To access Chronograf, go to http://localhost:8888. The welcome page includes instructions for connecting Chronograf to that instance.

Connect Chronograf to InfluxDB

For the Connection String, enter the hostname or IP of your InfluxDB OSS instance, and be sure to include the default port: 8086. Next, name your data source; this can be anything you want. Finally, enter your username and password and click Add Source.
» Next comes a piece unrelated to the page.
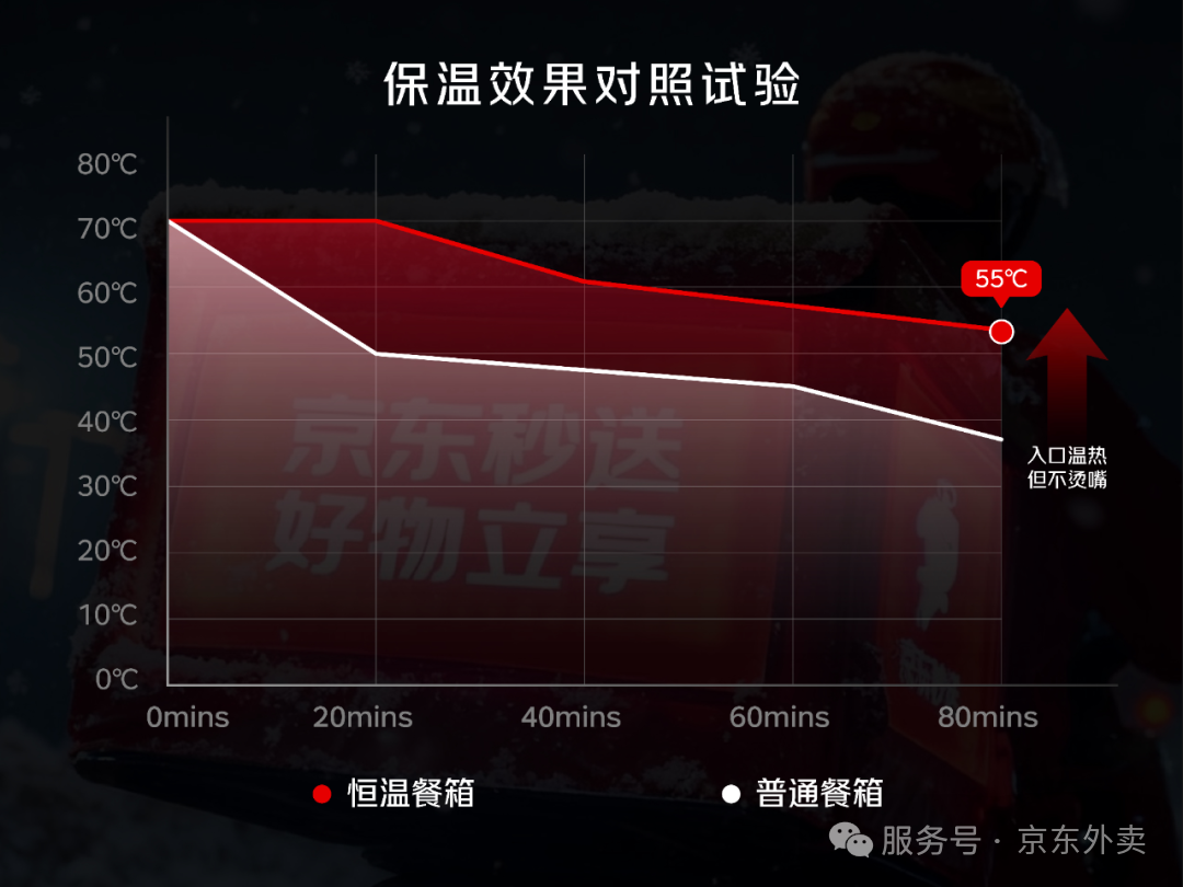 即使是60分钟以上的超远距离配送,餐箱温度仍能保持在55℃以上。

Step 4: Explore the monitoring data in Chronograf

Chronograf works with the Telegraf data in your InfluxDB OSS instance. The Host List page shows your data node’s hostnames, their statuses, CPU usage, load, and their configured applications. In this case, you’ve only enabled the system stats input plugin so system is the single application that appears in the Apps column.

Host List page

Click system to see the Chronograf canned dashboard for that application. Keep an eye on your data nodes by viewing that dashboard for each hostname:

Pre-created dashboard

Next, check out the Data Explorer to create a customized graph with the monitoring data. In the image below, the Chronograf query editor is used to visualize the idle CPU usage data for each data node:

Data Explorer

Create more customized graphs and save them to a dashboard on the Dashboard page in Chronograf. See the Creating Chronograf dashboards guide for more information.

That’s it! You’ve successfully configured Telegraf to collect and write data, InfluxDB to store those data, and Chonograf to use those data for monitoring and visualization purposes.